이 문제는 특히 최근 closed model과 open model 비교에서 중요하다. raw image quality만 보면 open model도 빠르게 따라오고 있다. 그러나 multi-turn editing, long-form instruction adherence, domain-specific structured image, reasoning-augmented generation에서는 gap이 남아 있다. 논문은 이 gap이 architecture 하나보다 data curation, post-training, long context, tool use, verification loop에서 생긴다고 본다.

2. Core Idea

2-1. Main contribution

이 논문의 핵심 기여는 새로운 loss나 architecture가 아니라 capability-centered taxonomy와 roadmap이다.

구체적으로는 네 가지로 정리할 수 있다.

5-level taxonomy 제안
- Atomic Generation에서 World-Modeling Generation까지 visual generation의 진화를 capability level로 정리한다.
- 각 level은 대표 model family, characteristic, failure mode를 갖는다.
technical driver 정리
- GAN, diffusion, flow matching, autoregressive generation, hybrid AR plus diffusion/flow를 하나의 generative paradigm map 안에서 정리한다.
- U-Net에서 DiT, MM-DiT, AR backbone, SSM, MoE backbone으로 이동하는 architecture trend를 설명한다.
- condition module, multimodal fusion, tokenizer, representation space를 separate component로 본다.
training and inference recipe 정리
- pre-training, continued training, SFT, RL, reward modeling, synthetic annotation, data curation, distillation, sampling acceleration을 한 pipeline으로 묶는다.
- 특히 VLM relabeling, structured caption, defect-aware filtering, active curation이 visual generator quality에 미치는 의미를 강조한다.
evaluation frame 제안
- benchmark review만으로는 부족하고, in-the-wild stress test와 expert-constrained case study가 필요하다고 주장한다.
- jigsaw reconstruction, metro-map topology, coordinate map, physical causality, multi-turn editing, image-text reasoning 같은 failure probe를 제안한다.

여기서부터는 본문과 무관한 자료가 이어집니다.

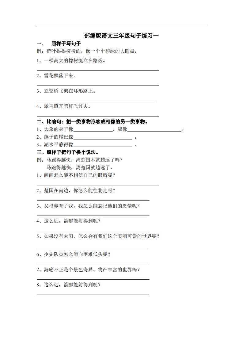 当前位置: 首页小学资源小学三年级正文 三上语文-专项练习:句子练习(无答案)_共2页 小学三年级 1 周前 0 0 5 以上为部分内容预览,如需源文档请登录您的会员账号进行下载! 声明:本站所有文章,如无特殊说明或标注,均为本站原创发布。任何个人或组织,在未征得本站同意时,禁止复制、盗用、采集、发布本站内容到任何网站、书籍等各类媒体平台。如若本站内容侵犯了原著者的合法权益,可联系我们进行处理。 尚学资源永久会员 打赏 收藏 海报 链接

이 논문에서 가장 중요한 메시지는 다음과 같다.

visual generation의 다음 병목은 rendering fidelity가 아니라, generated visual output이 구조적이고 동적인 world constraint를 얼마나 지키는가다.

2-2. Design intuition

이 논문의 설계 직관은 L1에서 L5로 갈수록 generation이 점점 더 “행동”에 가까워진다는 데 있다.

L1에서는 모델이 prompt를 받아 한 번에 image를 만든다. 이때 핵심은 distribution matching이다. 보기 좋고 그럴듯하면 어느 정도 충분하다. 하지만 L2로 가면 depth, sketch, pose, reference identity 같은 condition을 받아야 하므로 controllability가 중요해진다. L3에서는 context와 history가 들어오므로 memory와 consistency가 중요해진다. L4에서는 generation이 agent loop 안의 action이 된다. 즉 모델은 만들고, 보고, 평가하고, 다시 고쳐야 한다. L5에서는 모델이 visual output을 넘어 world transition 자체를 simulate해야 한다.

이 흐름을 간단히 쓰면 다음과 같다.

\[\text{rendering} \to \text{controlled rendering} \to \text{contextual editing} \to \text{closed-loop generation} \to \text{world simulation}\]

여기서 중요한 것은 각 단계가 이전 단계를 완전히 대체하지 않는다는 점이다. L4 agentic generation도 여전히 좋은 renderer가 필요하고, L5 world modeling도 여전히 photorealistic rendering이 필요하다. 다만 상위 level로 갈수록 renderer 위에 추가적인 state, verifier, planner, dynamics model이 필요해진다.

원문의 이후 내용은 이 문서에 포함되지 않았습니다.